**Task statement:**
In the data below, one line contains "Депутат посилається на" and a later one contains "Para acessar esse". Print both, with every line between them, exactly and alone.

**Supplied material:**
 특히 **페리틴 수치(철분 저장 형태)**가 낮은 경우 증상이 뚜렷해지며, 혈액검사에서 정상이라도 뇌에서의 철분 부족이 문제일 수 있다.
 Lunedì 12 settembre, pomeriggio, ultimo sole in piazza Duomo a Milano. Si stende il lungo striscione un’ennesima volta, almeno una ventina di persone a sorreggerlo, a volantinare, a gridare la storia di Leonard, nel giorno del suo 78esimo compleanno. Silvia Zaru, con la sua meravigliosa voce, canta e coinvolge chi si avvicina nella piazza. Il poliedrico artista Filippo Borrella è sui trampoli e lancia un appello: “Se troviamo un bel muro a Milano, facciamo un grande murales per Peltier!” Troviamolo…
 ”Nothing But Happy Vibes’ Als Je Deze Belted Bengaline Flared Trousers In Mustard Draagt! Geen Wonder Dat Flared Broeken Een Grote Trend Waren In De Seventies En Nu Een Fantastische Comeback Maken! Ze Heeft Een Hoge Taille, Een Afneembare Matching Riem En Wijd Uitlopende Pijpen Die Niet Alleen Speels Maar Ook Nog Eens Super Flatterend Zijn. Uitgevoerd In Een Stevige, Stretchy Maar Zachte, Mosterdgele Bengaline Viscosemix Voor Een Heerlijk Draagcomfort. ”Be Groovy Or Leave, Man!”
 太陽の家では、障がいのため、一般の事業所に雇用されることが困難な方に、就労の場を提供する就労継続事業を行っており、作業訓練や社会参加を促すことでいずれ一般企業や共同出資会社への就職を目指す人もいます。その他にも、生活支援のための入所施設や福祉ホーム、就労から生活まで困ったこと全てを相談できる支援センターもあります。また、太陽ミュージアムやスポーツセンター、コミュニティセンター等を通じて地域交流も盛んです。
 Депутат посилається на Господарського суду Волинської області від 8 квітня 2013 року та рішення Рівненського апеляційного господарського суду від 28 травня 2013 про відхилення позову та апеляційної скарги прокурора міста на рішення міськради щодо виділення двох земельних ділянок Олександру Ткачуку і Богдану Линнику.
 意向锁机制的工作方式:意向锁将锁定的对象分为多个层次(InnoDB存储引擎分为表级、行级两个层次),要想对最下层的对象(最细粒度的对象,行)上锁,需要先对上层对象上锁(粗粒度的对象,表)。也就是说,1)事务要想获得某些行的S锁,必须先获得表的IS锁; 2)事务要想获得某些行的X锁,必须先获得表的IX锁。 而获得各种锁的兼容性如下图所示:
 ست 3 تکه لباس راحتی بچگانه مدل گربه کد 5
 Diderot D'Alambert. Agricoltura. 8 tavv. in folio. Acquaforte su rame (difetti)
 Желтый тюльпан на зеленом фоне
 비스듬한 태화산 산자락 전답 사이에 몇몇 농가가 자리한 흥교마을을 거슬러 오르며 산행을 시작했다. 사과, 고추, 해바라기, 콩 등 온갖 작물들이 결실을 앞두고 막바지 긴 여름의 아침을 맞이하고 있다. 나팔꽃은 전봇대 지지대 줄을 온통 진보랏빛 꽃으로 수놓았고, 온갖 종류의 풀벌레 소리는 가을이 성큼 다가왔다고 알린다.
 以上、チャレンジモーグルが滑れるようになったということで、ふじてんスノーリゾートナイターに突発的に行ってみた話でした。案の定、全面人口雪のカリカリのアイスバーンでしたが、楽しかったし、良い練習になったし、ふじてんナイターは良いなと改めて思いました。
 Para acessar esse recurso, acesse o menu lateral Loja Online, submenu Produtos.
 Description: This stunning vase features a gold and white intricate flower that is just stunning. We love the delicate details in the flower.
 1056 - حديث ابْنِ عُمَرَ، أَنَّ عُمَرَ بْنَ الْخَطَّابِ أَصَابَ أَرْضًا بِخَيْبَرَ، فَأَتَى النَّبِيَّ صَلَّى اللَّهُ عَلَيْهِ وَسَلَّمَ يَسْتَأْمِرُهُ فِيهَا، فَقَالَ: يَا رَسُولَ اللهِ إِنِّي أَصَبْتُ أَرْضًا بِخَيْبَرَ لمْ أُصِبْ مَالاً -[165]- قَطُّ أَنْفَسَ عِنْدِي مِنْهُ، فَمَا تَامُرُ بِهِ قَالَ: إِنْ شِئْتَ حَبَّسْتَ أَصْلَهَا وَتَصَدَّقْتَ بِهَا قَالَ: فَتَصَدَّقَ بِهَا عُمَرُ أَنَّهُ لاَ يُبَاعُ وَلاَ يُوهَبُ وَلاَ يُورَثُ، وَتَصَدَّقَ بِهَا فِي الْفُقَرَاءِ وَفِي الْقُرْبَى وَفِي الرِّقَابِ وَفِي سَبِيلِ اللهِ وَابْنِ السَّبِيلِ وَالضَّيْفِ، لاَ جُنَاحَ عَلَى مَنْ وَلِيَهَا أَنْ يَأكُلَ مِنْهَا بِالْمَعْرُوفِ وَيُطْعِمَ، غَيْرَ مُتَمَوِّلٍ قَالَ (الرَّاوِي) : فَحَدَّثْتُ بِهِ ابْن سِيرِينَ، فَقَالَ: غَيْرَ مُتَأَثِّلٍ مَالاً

**Reply to the task:**
 Депутат посилається на Господарського суду Волинської області від 8 квітня 2013 року та рішення Рівненського апеляційного господарського суду від 28 травня 2013 про відхилення позову та апеляційної скарги прокурора міста на рішення міськради щодо виділення двох земельних ділянок Олександру Ткачуку і Богдану Линнику.
 意向锁机制的工作方式:意向锁将锁定的对象分为多个层次(InnoDB存储引擎分为表级、行级两个层次),要想对最下层的对象(最细粒度的对象,行)上锁,需要先对上层对象上锁(粗粒度的对象,表)。也就是说,1)事务要想获得某些行的S锁,必须先获得表的IS锁; 2)事务要想获得某些行的X锁,必须先获得表的IX锁。 而获得各种锁的兼容性如下图所示:
 ست 3 تکه لباس راحتی بچگانه مدل گربه کد 5
 Diderot D'Alambert. Agricoltura. 8 tavv. in folio. Acquaforte su rame (difetti)
 Желтый тюльпан на зеленом фоне
 비스듬한 태화산 산자락 전답 사이에 몇몇 농가가 자리한 흥교마을을 거슬러 오르며 산행을 시작했다. 사과, 고추, 해바라기, 콩 등 온갖 작물들이 결실을 앞두고 막바지 긴 여름의 아침을 맞이하고 있다. 나팔꽃은 전봇대 지지대 줄을 온통 진보랏빛 꽃으로 수놓았고, 온갖 종류의 풀벌레 소리는 가을이 성큼 다가왔다고 알린다.
 以上、チャレンジモーグルが滑れるようになったということで、ふじてんスノーリゾートナイターに突発的に行ってみた話でした。案の定、全面人口雪のカリカリのアイスバーンでしたが、楽しかったし、良い練習になったし、ふじてんナイターは良いなと改めて思いました。
 Para acessar esse recurso, acesse o menu lateral Loja Online, submenu Produtos.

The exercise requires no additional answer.